逻辑回归

逻辑回归对应线性回归,但旨在解决分类问题,即将模型的输出转换为从 0 到 1 之间的概率值。逻辑回归直接对分类的可能性进行建模,无需事先假设数据的分布。

最理想的转换函数为单位阶跃函数(也称Heaviside函数),但单位阶跃函数是不连续的,没法在实际计算中使用。故而,在分类过程中更常使用对数几率函数(即sigmoid函数):

$$f(x)=\frac{1}{1+e^{-x}}$$

这样,模型就变成了

$$y=f(x)=\frac{1}{1+e^{-(w^Tx+b)}}$$

如果将$y$看作是样本$x$作为正例的可能性,那么可以得到反应$$x$$作为正例的相对可能性对数几率(logit)

$$ln\frac{y}{1-y}$$

逻辑回归算法

可以使用极大似然估计法来估计参数$$w$$和$$b$$。

假设$$P(Y=1|x)=h_w (x)$$,似然函数为$$\prod [h_w(x_i)]^{y_i}[1-h_w(x_i)]^{(1-y_i)}$$,那么对数似然函数为

$$L(w) = \sum {i=1}^{N}logP(y_i|x_i;w) = \sum{i=1}^{N}[y_ilog h_w (x_i) +(1-y_i)log(1-h_w(x_i))]$$

$$min J(w) = min {-\frac{1}{m}[\sum_{i=1}^{m}y_ilog h_w (x_i) + (1-y_i)log(1-h_w(x_i))]}$$

然后就可以使用梯度下降算法、牛顿法或者BFGS等拟牛顿法来求解了。

正则化

在模型过于复杂的情况下,模型会学习到很多特征,从而导致可能把所有训练样本都拟合到,这样就导致了过拟合。解决过拟合可以从两个方面入手,一是减少模型复杂度,一是增加训练集个数。而正则化就是减少模型复杂度的一个方法。即以最小化损失和复杂度为目标(结构风险最小化):

$$J(w)=Loss(x,w)+\lambda Complexity(w)$$

对逻辑回归来说,正则化至关重要,可以在目标函数(经验风险)中加上一个正则化项$$\Phi(w)$$,即

$$J(w) = -\frac{1}{m}[\sum_{i=1}^{m}y_ilog h_w (x_i) + (1-y_i)log(1-h_w(x_i))] + \lambda \Phi(w)$$

而这个正则化项一般会采用L1范数或者L2范数。其形式分别为$$\Phi (w)=||w||_1$$和$$\Phi (w)=||w||_2^2$$。

以 L2 正则化为例 $$L_2\text{ regularization term} = ||w||_2^2 = {w_1^2 + w_2^2 + … + w_n^2}$$

上述目标函数中的标量 $$\lambda$$ 为正则化率,用来调整正则化项的整体影响,平衡模型简单化和训练数据的拟合。增大 $$\lambda$$ 将增强正则化的效果,但过高的 $$\lambda$$ 也会导致欠拟合风险。$$\lambda = 0$$ 时可以取消正则化。
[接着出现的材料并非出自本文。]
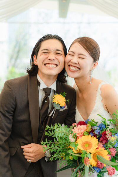 眩しい笑顔の新郎新婦にさらに輝きを添えるブーケとなりました💐✨
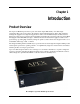About This Manual Document Purpose and Intended Audience This document provides the user of the Apex Spectrometer with instructions for setting up, calibrating and performing experiments with their spectrometer. What’s New in this Document This version of the Apex Installation and Operation Manual updates the instructions for calibrating the spectrometer. Document Summary Chapter Description Chapter 1: Introduction Contains descriptive information about the Apex Spectrometer and how sampling works.
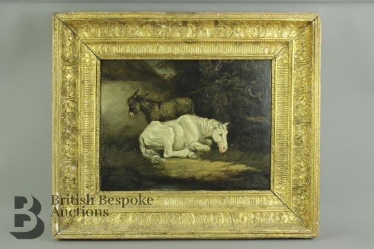 19th century oil on canvas, depicted a horse and mule, approx 30 h x 40 w cms, gilt plaster frame, unsigned.

注意:较低的学习速率通常会产生和强 $$\lambda$$ 类似的效果(都会产生较小的权重),因而不建议同时调整这两个参数。

早停法

这是另一种降低模型复杂度的方法。限制步数或学习概率,还还未达到最优的时候就停止迭代训练。

类别不均衡问题

类别不均衡是指分类任务中不同类别的训练样例数目差别很大的情况。解决这类问题的基本思路是“再缩放(rescaling)”,即令

$$\frac{y’}{1-y’}=\frac{y}{1-y}*\frac{m^-}{m^+}$$(其中,$m^-$为反例数目,$m^+$为正例数目)

然而,这个方法的实际操作却很难。实际使用上通常使用下列的方法

示例程序

简单示例

import os
import tensorflow as tf

# initialize variables/model parameters
W = tf.Variable(tf.zeros([5, 1]), name="weights")
b = tf.Variable(0., name="bias")

def read_csv(batch_size, file_name, record_defaults):
    filename_queue = tf.train.string_input_producer(
        [os.path.dirname(__file__) + "/" + file_name])

    reader = tf.TextLineReader(skip_header_lines=1)
    key, value = reader.read(filename_queue)

    # decode_csv will convert a Tensor from type string (the text line) in
    # a tuple of tensor columns with the specified defaults, which also
    # sets the data type for each column
    decoded = tf.decode_csv(value, record_defaults=record_defaults)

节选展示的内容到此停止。